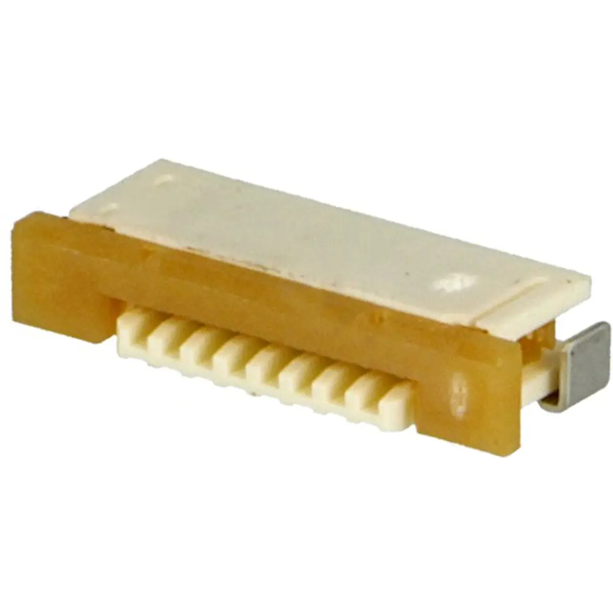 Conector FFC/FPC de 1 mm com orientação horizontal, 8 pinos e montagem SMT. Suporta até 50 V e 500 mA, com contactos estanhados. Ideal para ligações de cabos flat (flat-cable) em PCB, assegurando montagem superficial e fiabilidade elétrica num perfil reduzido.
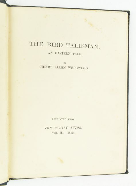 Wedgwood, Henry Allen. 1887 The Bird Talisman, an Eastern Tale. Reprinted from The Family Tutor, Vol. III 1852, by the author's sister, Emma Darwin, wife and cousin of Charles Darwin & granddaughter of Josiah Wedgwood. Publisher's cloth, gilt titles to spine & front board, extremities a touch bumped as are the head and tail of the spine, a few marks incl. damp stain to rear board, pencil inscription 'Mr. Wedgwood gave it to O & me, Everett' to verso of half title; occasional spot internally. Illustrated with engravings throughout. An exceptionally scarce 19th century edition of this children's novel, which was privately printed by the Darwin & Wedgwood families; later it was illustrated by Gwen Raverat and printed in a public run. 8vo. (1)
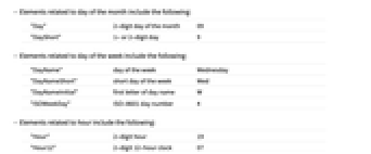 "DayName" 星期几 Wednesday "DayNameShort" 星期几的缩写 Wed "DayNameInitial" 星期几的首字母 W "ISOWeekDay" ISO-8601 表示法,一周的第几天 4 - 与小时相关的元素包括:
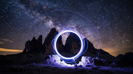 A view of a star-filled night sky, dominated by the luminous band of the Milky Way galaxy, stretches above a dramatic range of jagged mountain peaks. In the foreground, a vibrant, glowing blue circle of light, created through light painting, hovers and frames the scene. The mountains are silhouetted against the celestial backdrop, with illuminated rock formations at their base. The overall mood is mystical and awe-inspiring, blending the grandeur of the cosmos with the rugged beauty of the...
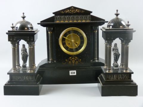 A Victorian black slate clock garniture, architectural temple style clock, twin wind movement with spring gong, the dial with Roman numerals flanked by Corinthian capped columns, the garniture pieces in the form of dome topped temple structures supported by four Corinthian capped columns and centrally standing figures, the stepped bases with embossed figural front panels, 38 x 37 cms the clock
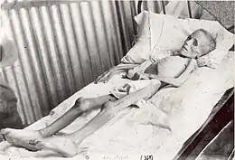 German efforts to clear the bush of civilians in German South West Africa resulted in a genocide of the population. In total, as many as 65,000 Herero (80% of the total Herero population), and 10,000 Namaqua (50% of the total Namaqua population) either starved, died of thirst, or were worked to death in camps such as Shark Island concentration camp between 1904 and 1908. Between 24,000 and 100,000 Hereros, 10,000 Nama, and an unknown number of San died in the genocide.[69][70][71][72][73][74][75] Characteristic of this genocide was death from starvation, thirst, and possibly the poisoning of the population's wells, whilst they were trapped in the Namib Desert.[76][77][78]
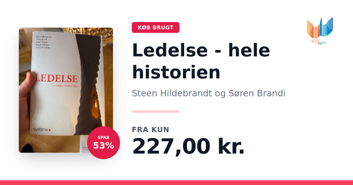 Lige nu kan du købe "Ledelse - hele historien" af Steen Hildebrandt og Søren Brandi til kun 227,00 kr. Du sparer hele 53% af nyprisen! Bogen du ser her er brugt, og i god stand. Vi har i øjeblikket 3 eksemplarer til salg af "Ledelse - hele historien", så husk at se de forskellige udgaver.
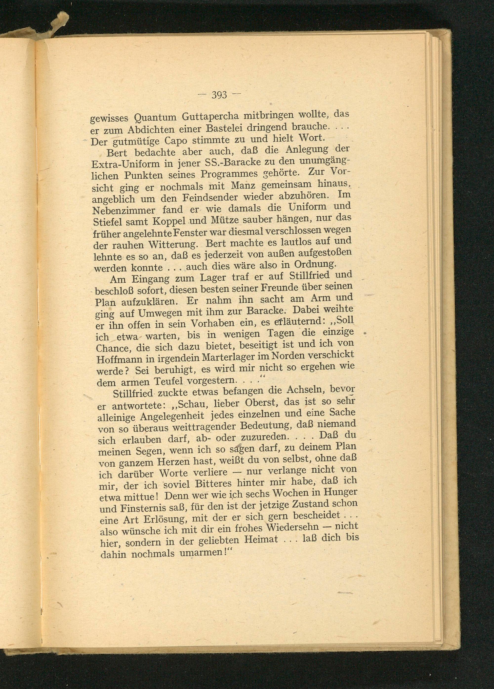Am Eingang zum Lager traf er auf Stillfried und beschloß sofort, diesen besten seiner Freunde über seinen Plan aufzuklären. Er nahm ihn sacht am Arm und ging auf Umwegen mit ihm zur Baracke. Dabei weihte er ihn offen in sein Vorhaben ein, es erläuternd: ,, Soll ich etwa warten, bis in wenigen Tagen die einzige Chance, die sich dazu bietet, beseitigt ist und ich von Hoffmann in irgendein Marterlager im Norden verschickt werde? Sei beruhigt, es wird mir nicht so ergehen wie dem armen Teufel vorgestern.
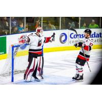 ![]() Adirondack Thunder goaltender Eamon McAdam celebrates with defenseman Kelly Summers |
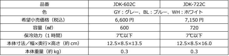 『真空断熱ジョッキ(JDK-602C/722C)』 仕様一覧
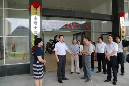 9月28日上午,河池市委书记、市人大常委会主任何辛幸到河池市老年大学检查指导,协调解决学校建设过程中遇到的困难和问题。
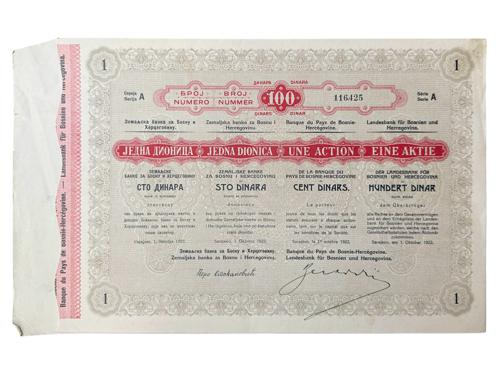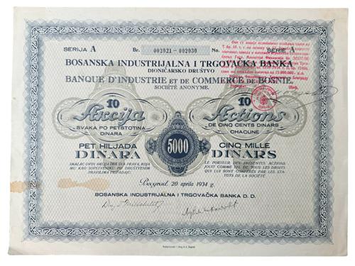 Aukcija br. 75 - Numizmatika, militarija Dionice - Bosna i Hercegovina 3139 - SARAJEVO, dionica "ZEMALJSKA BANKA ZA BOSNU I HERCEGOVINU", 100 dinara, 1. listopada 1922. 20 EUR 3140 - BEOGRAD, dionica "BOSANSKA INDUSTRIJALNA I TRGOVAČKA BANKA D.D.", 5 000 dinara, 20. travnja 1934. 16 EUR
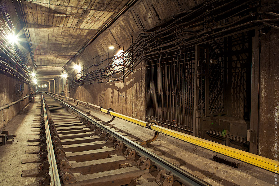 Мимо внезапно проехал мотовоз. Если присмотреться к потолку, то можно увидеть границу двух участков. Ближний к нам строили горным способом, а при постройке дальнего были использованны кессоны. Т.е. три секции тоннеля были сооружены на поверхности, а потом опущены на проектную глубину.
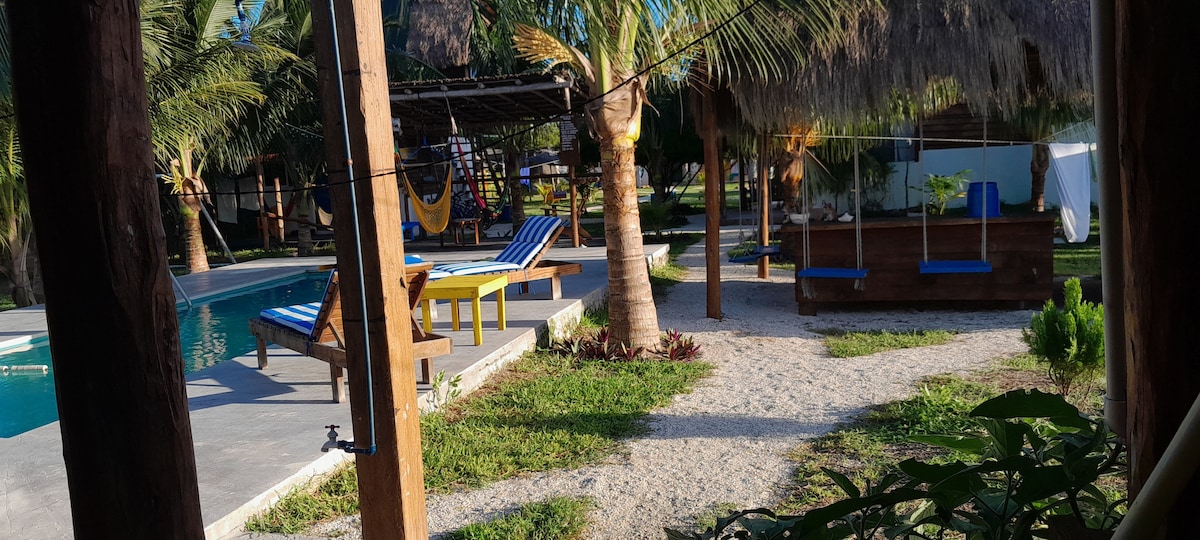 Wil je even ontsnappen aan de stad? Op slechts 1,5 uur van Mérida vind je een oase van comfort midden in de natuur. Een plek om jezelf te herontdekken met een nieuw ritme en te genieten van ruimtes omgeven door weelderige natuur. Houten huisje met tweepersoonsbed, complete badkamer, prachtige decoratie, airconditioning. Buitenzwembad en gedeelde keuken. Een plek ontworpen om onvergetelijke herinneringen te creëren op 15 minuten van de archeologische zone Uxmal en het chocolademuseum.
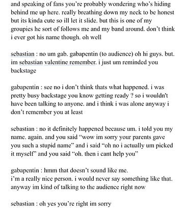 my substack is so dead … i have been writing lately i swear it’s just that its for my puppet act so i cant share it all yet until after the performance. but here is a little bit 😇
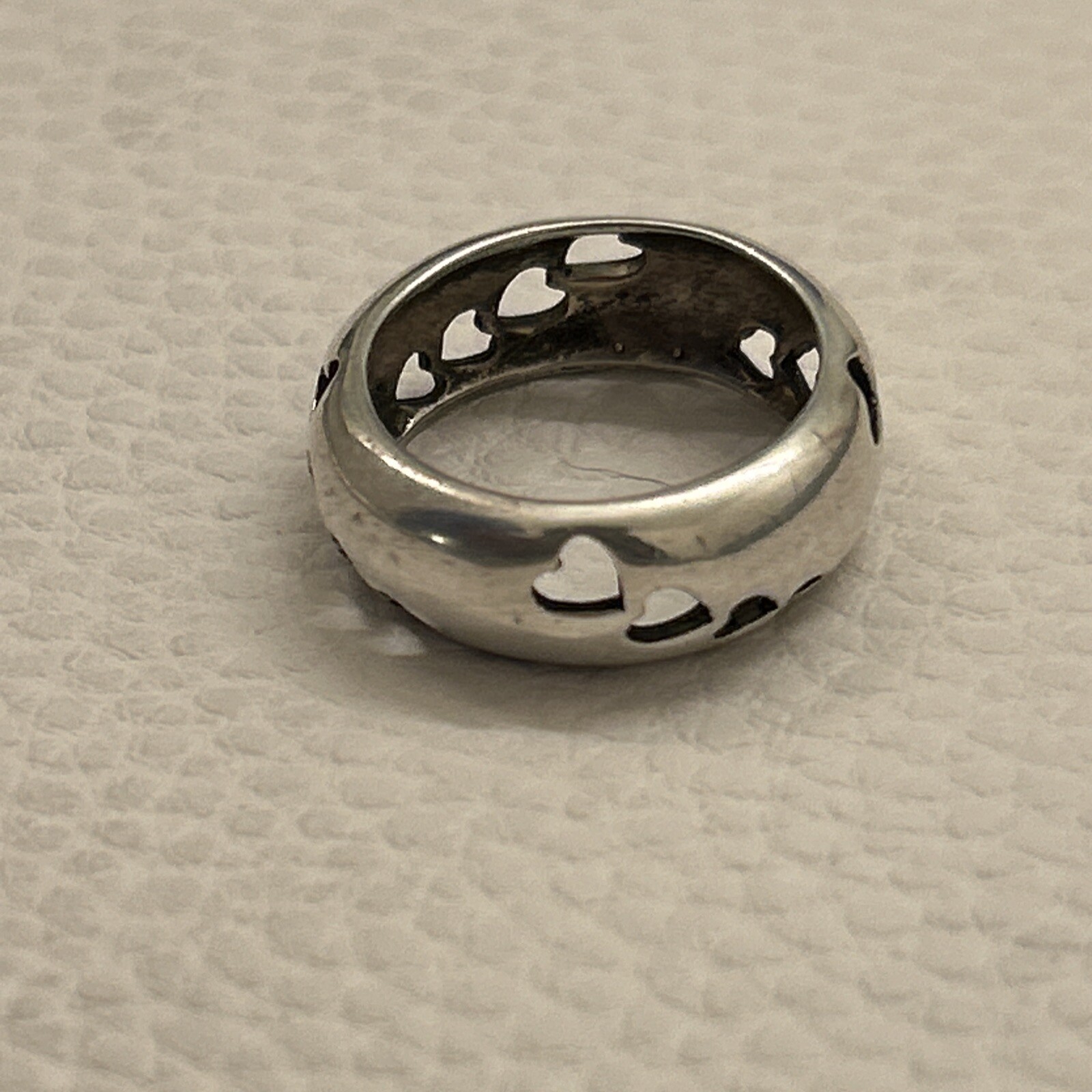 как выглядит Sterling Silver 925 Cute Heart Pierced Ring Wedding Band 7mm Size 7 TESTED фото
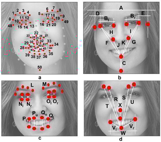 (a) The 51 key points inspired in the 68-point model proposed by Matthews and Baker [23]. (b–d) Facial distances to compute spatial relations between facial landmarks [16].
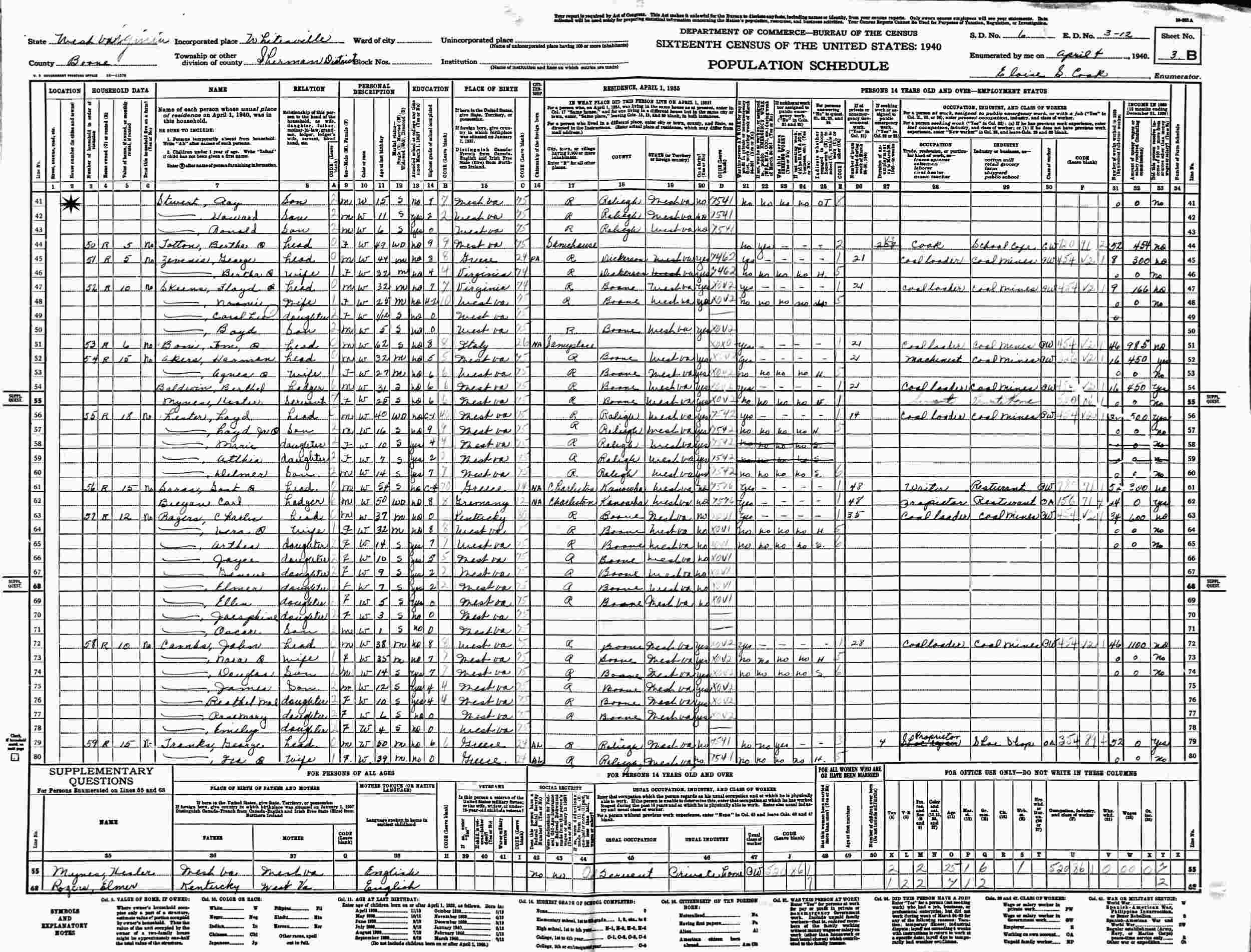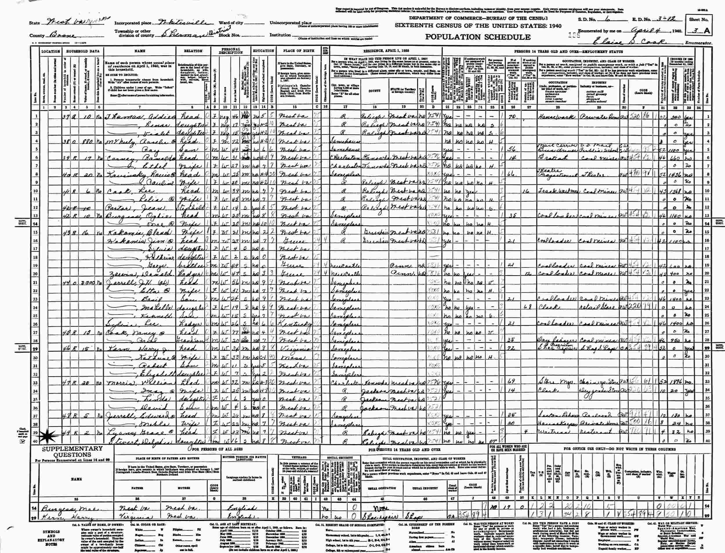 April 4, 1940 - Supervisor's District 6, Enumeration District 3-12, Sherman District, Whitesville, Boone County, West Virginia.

● ● ● ●

What's needed is an exact copy of every entry, minus the pictures.

 Conector FFC/FPC de 1 mm com orientação horizontal, 8 pinos e montagem SMT. Suporta até 50 V e 500 mA, com contactos estanhados. Ideal para ligações de cabos flat (flat-cable) em PCB, assegurando montagem superficial e fiabilidade elétrica num perfil reduzido.
 Wedgwood, Henry Allen. 1887 The Bird Talisman, an Eastern Tale. Reprinted from The Family Tutor, Vol. III 1852, by the author's sister, Emma Darwin, wife and cousin of Charles Darwin & granddaughter of Josiah Wedgwood. Publisher's cloth, gilt titles to spine & front board, extremities a touch bumped as are the head and tail of the spine, a few marks incl. damp stain to rear board, pencil inscription 'Mr. Wedgwood gave it to O & me, Everett' to verso of half title; occasional spot internally. Illustrated with engravings throughout. An exceptionally scarce 19th century edition of this children's novel, which was privately printed by the Darwin & Wedgwood families; later it was illustrated by Gwen Raverat and printed in a public run. 8vo. (1)
 "DayName" 星期几 Wednesday "DayNameShort" 星期几的缩写 Wed "DayNameInitial" 星期几的首字母 W "ISOWeekDay" ISO-8601 表示法,一周的第几天 4 - 与小时相关的元素包括:
 A view of a star-filled night sky, dominated by the luminous band of the Milky Way galaxy, stretches above a dramatic range of jagged mountain peaks. In the foreground, a vibrant, glowing blue circle of light, created through light painting, hovers and frames the scene. The mountains are silhouetted against the celestial backdrop, with illuminated rock formations at their base. The overall mood is mystical and awe-inspiring, blending the grandeur of the cosmos with the rugged beauty of the...
 A Victorian black slate clock garniture, architectural temple style clock, twin wind movement with spring gong, the dial with Roman numerals flanked by Corinthian capped columns, the garniture pieces in the form of dome topped temple structures supported by four Corinthian capped columns and centrally standing figures, the stepped bases with embossed figural front panels, 38 x 37 cms the clock
 German efforts to clear the bush of civilians in German South West Africa resulted in a genocide of the population. In total, as many as 65,000 Herero (80% of the total Herero population), and 10,000 Namaqua (50% of the total Namaqua population) either starved, died of thirst, or were worked to death in camps such as Shark Island concentration camp between 1904 and 1908. Between 24,000 and 100,000 Hereros, 10,000 Nama, and an unknown number of San died in the genocide.[69][70][71][72][73][74][75] Characteristic of this genocide was death from starvation, thirst, and possibly the poisoning of the population's wells, whilst they were trapped in the Namib Desert.[76][77][78]
 Lige nu kan du købe "Ledelse - hele historien" af Steen Hildebrandt og Søren Brandi til kun 227,00 kr. Du sparer hele 53% af nyprisen! Bogen du ser her er brugt, og i god stand. Vi har i øjeblikket 3 eksemplarer til salg af "Ledelse - hele historien", så husk at se de forskellige udgaver.
Am Eingang zum Lager traf er auf Stillfried und beschloß sofort, diesen besten seiner Freunde über seinen Plan aufzuklären. Er nahm ihn sacht am Arm und ging auf Umwegen mit ihm zur Baracke. Dabei weihte er ihn offen in sein Vorhaben ein, es erläuternd: ,, Soll ich etwa warten, bis in wenigen Tagen die einzige Chance, die sich dazu bietet, beseitigt ist und ich von Hoffmann in irgendein Marterlager im Norden verschickt werde? Sei beruhigt, es wird mir nicht so ergehen wie dem armen Teufel vorgestern.
 ![]() Adirondack Thunder goaltender Eamon McAdam celebrates with defenseman Kelly Summers |
 『真空断熱ジョッキ(JDK-602C/722C)』 仕様一覧
 9月28日上午,河池市委书记、市人大常委会主任何辛幸到河池市老年大学检查指导,协调解决学校建设过程中遇到的困难和问题。
 Aukcija br. 75 - Numizmatika, militarija Dionice - Bosna i Hercegovina 3139 - SARAJEVO, dionica "ZEMALJSKA BANKA ZA BOSNU I HERCEGOVINU", 100 dinara, 1. listopada 1922. 20 EUR 3140 - BEOGRAD, dionica "BOSANSKA INDUSTRIJALNA I TRGOVAČKA BANKA D.D.", 5 000 dinara, 20. travnja 1934. 16 EUR
 Мимо внезапно проехал мотовоз. Если присмотреться к потолку, то можно увидеть границу двух участков. Ближний к нам строили горным способом, а при постройке дальнего были использованны кессоны. Т.е. три секции тоннеля были сооружены на поверхности, а потом опущены на проектную глубину.
 Wil je even ontsnappen aan de stad? Op slechts 1,5 uur van Mérida vind je een oase van comfort midden in de natuur. Een plek om jezelf te herontdekken met een nieuw ritme en te genieten van ruimtes omgeven door weelderige natuur. Houten huisje met tweepersoonsbed, complete badkamer, prachtige decoratie, airconditioning. Buitenzwembad en gedeelde keuken. Een plek ontworpen om onvergetelijke herinneringen te creëren op 15 minuten van de archeologische zone Uxmal en het chocolademuseum.
 my substack is so dead … i have been writing lately i swear it’s just that its for my puppet act so i cant share it all yet until after the performance. but here is a little bit 😇
 как выглядит Sterling Silver 925 Cute Heart Pierced Ring Wedding Band 7mm Size 7 TESTED фото
 (a) The 51 key points inspired in the 68-point model proposed by Matthews and Baker [23]. (b–d) Facial distances to compute spatial relations between facial landmarks [16].
 April 4, 1940 - Supervisor's District 6, Enumeration District 3-12, Sherman District, Whitesville, Boone County, West Virginia.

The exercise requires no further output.